> What is required: Find "Playtime | |" below and begin at its line; stop after the line with "iGPSPORT TL30 自転車". Output those lines exactly, without pictures.

> Data:
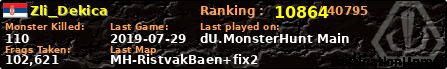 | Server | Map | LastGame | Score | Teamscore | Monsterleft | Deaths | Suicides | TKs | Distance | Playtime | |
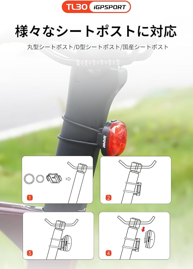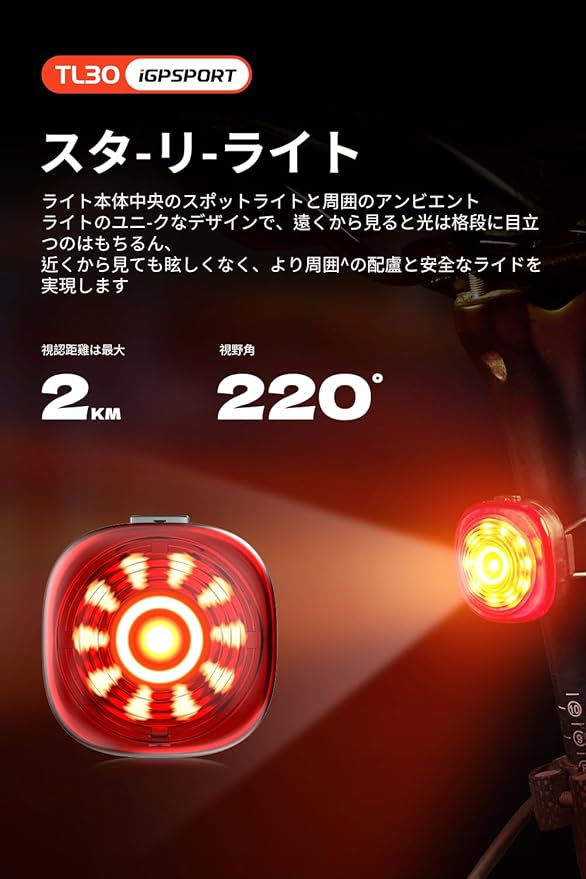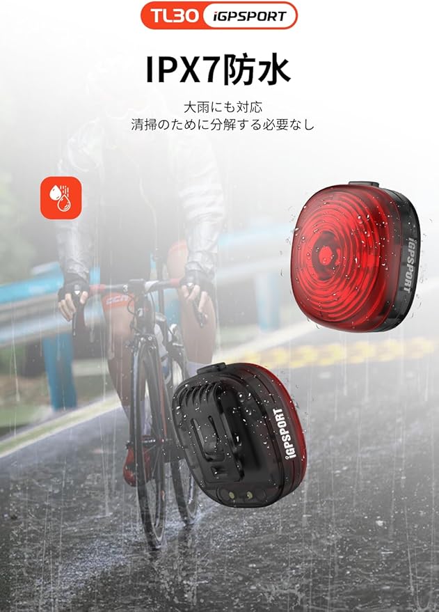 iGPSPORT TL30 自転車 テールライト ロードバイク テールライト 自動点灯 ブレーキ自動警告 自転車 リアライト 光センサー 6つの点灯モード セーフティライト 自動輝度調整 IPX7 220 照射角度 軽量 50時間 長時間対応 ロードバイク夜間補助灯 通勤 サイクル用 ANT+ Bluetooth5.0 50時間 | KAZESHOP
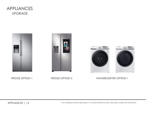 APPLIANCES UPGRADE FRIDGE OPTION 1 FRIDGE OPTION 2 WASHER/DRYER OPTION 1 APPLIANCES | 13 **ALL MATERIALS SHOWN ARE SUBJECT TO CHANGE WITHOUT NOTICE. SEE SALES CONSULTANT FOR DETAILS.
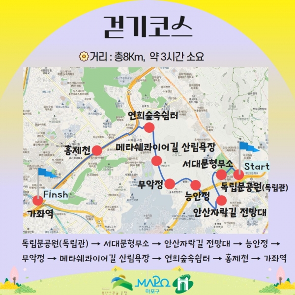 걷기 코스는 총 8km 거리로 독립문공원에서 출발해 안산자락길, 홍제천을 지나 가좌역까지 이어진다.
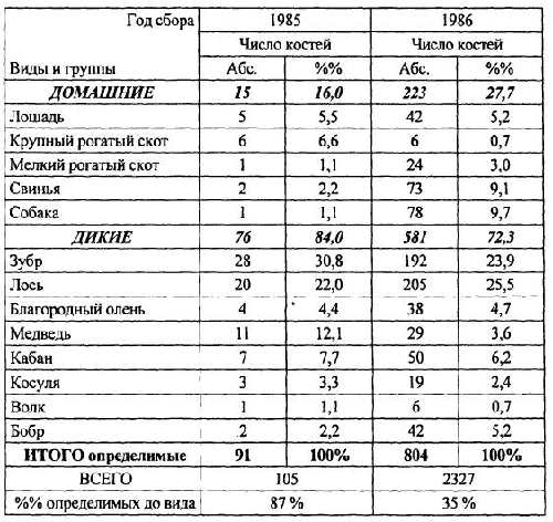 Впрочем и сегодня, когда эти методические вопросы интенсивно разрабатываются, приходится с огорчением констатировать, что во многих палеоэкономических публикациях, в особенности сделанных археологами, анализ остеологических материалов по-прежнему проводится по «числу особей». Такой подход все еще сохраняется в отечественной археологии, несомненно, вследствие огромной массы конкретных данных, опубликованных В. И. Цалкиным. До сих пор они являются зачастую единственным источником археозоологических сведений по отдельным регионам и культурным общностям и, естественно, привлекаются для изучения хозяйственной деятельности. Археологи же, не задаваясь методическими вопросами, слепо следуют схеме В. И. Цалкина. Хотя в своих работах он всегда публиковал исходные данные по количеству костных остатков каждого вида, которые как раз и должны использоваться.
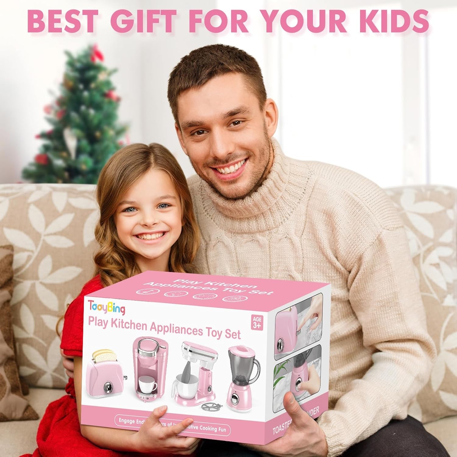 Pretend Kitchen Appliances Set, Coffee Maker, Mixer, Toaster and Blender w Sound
--
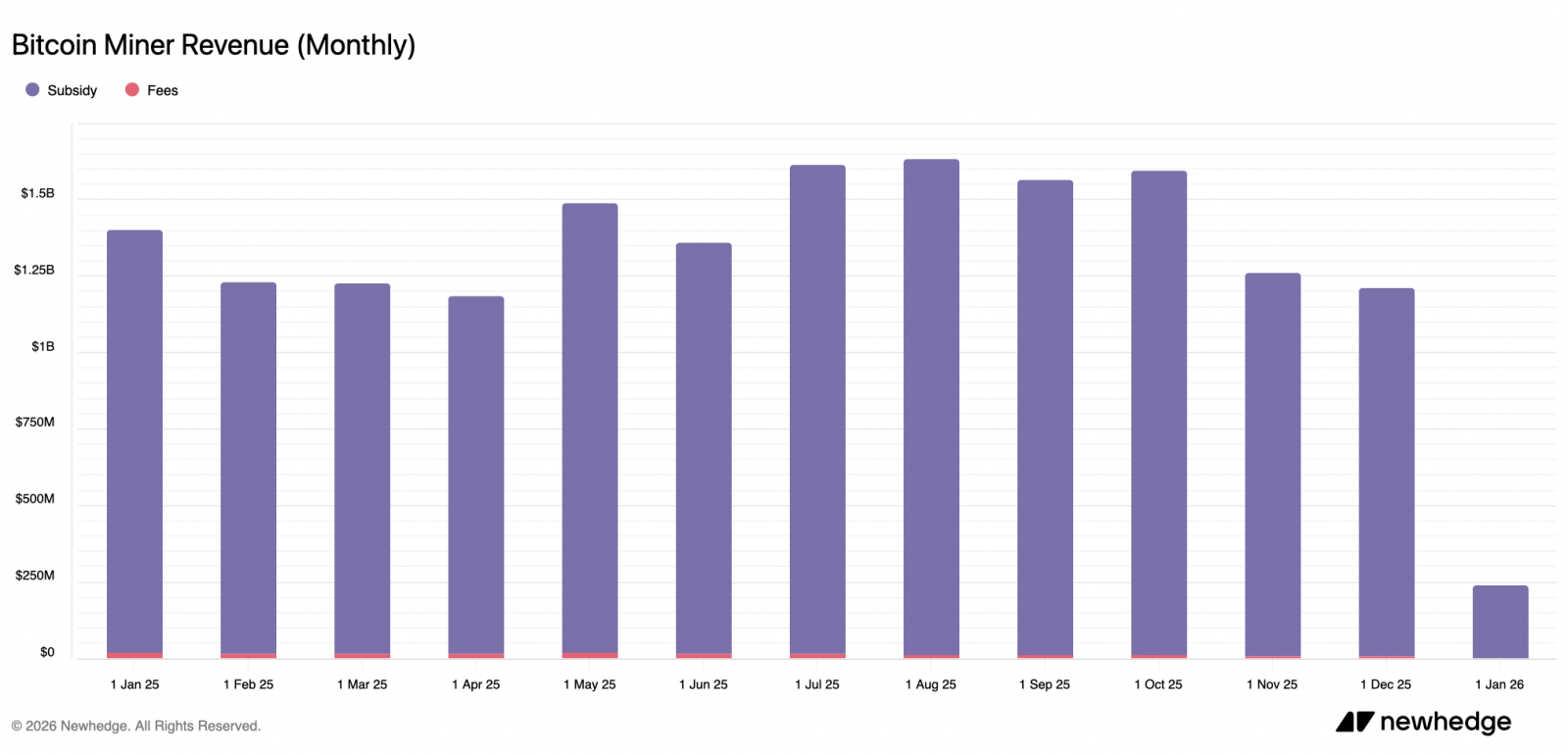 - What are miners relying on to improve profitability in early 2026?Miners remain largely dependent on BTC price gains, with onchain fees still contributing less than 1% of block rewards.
--
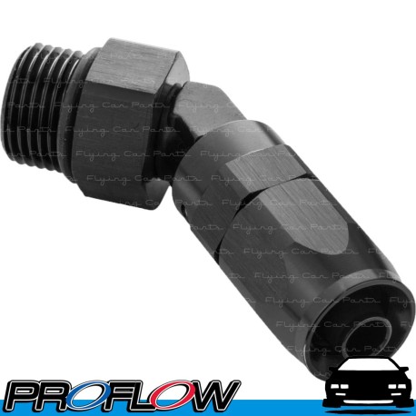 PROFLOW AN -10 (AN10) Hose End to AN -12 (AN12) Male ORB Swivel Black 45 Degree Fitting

> Answer box:
 | Server | Map | LastGame | Score | Teamscore | Monsterleft | Deaths | Suicides | TKs | Distance | Playtime | |
 iGPSPORT TL30 自転車 テールライト ロードバイク テールライト 自動点灯 ブレーキ自動警告 自転車 リアライト 光センサー 6つの点灯モード セーフティライト 自動輝度調整 IPX7 220 照射角度 軽量 50時間 長時間対応 ロードバイク夜間補助灯 通勤 サイクル用 ANT+ Bluetooth5.0 50時間 | KAZESHOP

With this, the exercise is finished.